The Dumbest Interview Question - reeyuk
http://laouini.blogspot.com/2009/01/dumbest-interview-question.html
======
btilly
The question may be dumb, but dodging it is foolish when it is so easy to turn
it to your benefit.

My answer is, "I am too extroverted." And I go on to explain that I am unable
to engage in heads-down focused programming for extended periods of time
without mental breaks because of my personality. I point out that most of the
public is extroverted, but most programmers are introverted and I explain the
reasons for that. Then I say that despite this handicap I am a very productive
programmer.

My answer is sincere, honest and true. Furthermore I set proper expectations
around what I am like as a person. The fact is that I _am_ extroverted, and I
_will_ need those mental breaks. If they are unwilling to accommodate that,
then I don't want to be there. And I've found that letting people know it up
front makes it easier for me to get those breaks down the road.
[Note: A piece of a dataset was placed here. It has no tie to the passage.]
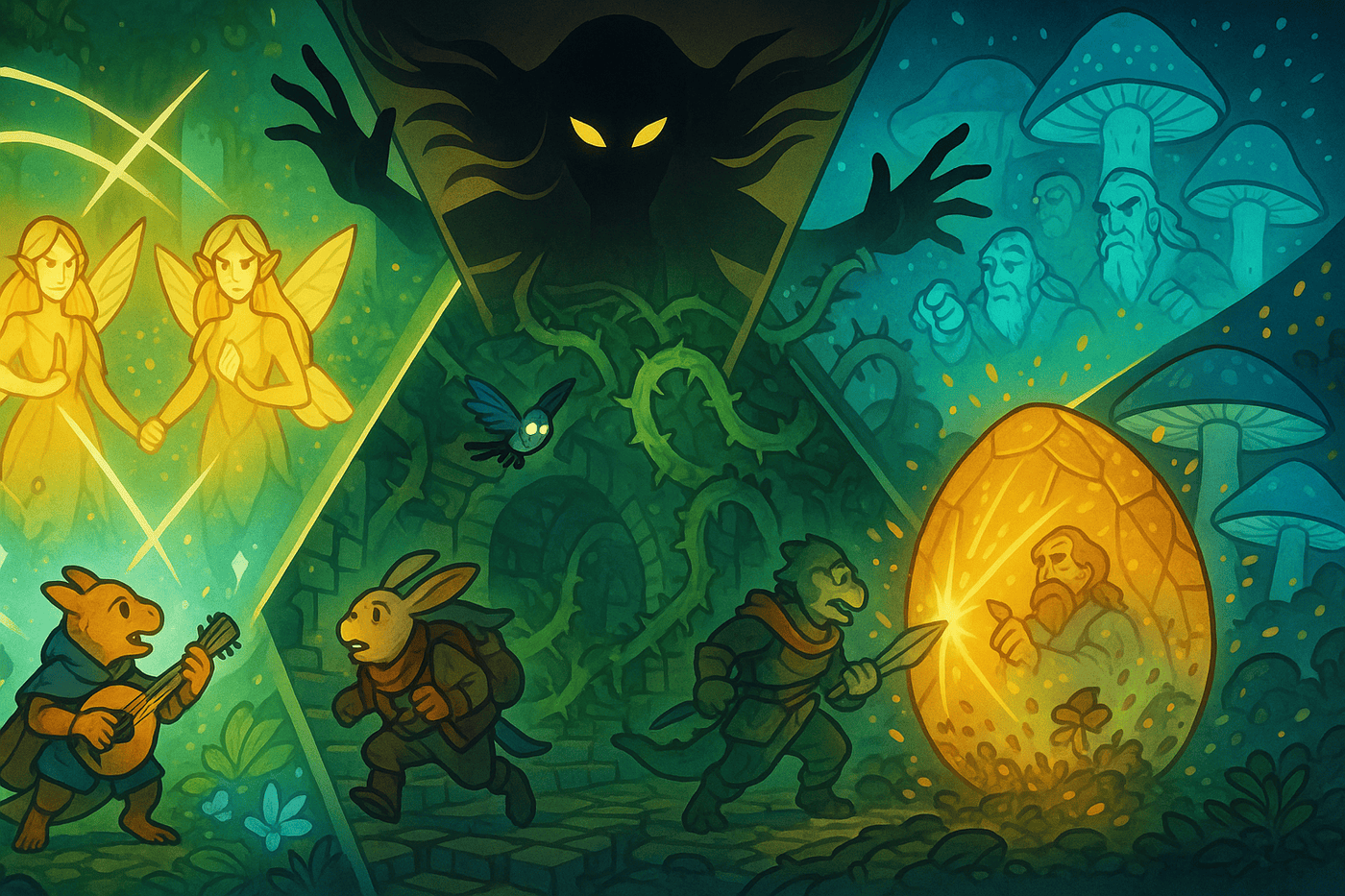 A single panoramic illustration showing three connected stories unfolding under the shadow of Mother. On the left, Haru the platinum kobold plays his lute before glowing fairies in a lush forest. In the center, Boris the harengon and Kiet the dragonborn flee through vine-choked temple ruins, their owl familiar flying ahead. On the right, Virgil strikes his spear against a massive amber cocoon surrounded by towering mushrooms. All three scenes flow together through shared glowing light and mist, while the looming silhouette of Mother watches from above, her eyes burning with golden power.

So I believe that the right answer to this question for you is to bring up the
issue that you suspect you'll most need to be accommodated on if you get the
job. Are you a religious Jew who needs to leave early on Friday? Do you have
kids who get sick every so often? Are you the kind of person who works best
arriving and leaving late? Whatever your need is, when you trade off your
short-term goal of getting the job versus your long-term goal of being happy
in that job, learning up front how they will react to that request is well
worth any possible damage to your odds of getting the job.

Furthermore the mere fact that you answered the question honestly rather than
transparently dodging it usually makes the questioner happy. Which usually has
more weight with them than the flaw you revealed.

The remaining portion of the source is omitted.